Interpretive Summary: Growing evidence suggests that increased plasma homocysteine is correlated with an increased risk of cardiovascular disease. There are several nutrients (vitamin B12 and folic acid, for example) that are important for the metabolism of homocysteine. Homocysteine is derived from the essential amino acid methionine. Deficiencies of these nutrients can result in a marked increase in plasma homocysteine and hence, an increased risk of cardiovascular disease. Thus, it is important to know what other dietary factors can influence the plasma concentration of homocysteine. We show that dietary selenium can affect the concentration of plasma and tissue homocysteine in laboratory rats; a lower selenium status results in a lower concentration of tissue and plasma homocysteine. Along with the decreases in tissue and plasma homocysteine, as a result of low dietary selenium, are changes in the metabolism of homocysteine and hence methionine metabolism. For example, selenium deficiency results in a decrease in the activity of one liver enzyme that is important in removing homocysteine by converting it back into methionine. This does not result in a detrimental increase in plasma homocysteine because another route of homocysteine degradation is apparently increased. Because of this, the concentration of tissue and plasma cysteine, another important amino acid in methionine metabolism, is decreased. Thus, although the decrease in plasma and tissue homocysteine as a result of selenium deficiency may appear beneficial, the concomitant decrease in plasma and tissue cysteine may be detrimental. Also, a basal level of homocysteine is needed. The results suggest that selenium deprivation is detrimental to the metabolism of methionine.

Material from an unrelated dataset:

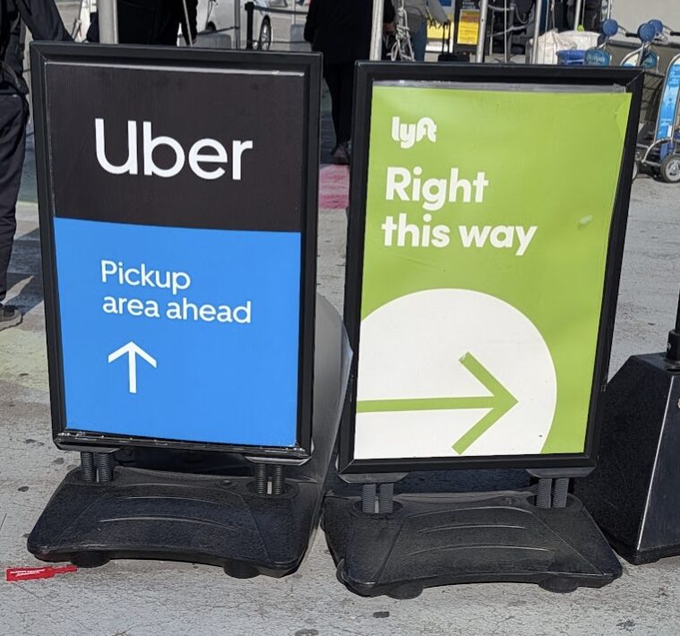 バスを降りると、そこは巨大な駐車場のようなスペース。 「Taxi」「Uber」「Lyft」と看板が出ているので、自分の使いたいサービスのエリアに向かいましょう。
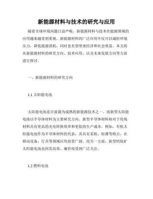 新能源技术、新产品、新工艺、新材料应用本文档旨在讨论新能源技术、新产品、新工艺和新材料的应用领域和潜在影响。

Technical Abstract: The present study determined the effect of graded amounts of dietary selenium on plasma and tissue parameters of methionine metabolism including homocysteine. Male weanling Fisher-344 rats were fed a selenium-deficient (<2 ng Se/g diet), torula yeast-based diet, supplemented with 0 (selenium deficient), 0.02 (deficient-marginal deficient), 0.05 (marginal deficient- marginal adequate) or 0.1 ug (adequate) selenium (as selenite)/g diet. After 61 d plasma total homocysteine and cysteine were significantly (p<0.0001) decreased and glutathione significantly (p<0.0001) increased by selenium deprivation. The concentration of homocysteine in kidney and heart was decreased (p=0.02) by selenium deficiency. Urinary inorganic sulfate was not affected by dietary selenium. The activities of liver betaine homocysteine methyltransferase, methionine synthase, S-adenosylmethionine synthase, and cystathionine synthase were determined; selenium deficiency affected only betaine homocysteine methyltransferase, which was decreased (p<0.0001). The ratios of plasma free reduced homocysteine (or cysteine) to free oxidized homocysteine (or cysteine) or to total homocysteine (or cysteine) were increased by selenium deprivation suggesting that selenium deprivation affects the normally tightly controlled redox status of these thiols. Although the mechanism leading to a decrease in plasma homocysteine as a result of selenium deficiency is unknown, it is evident that selenium status can affect methionine metabolism while apparently not greatly affecting the net flux of methionine to inorganic sulfate. The metabolic consequences of a marked decrease in plasma homocysteine are smaller but significant decreases in tissue homocysteine are not known.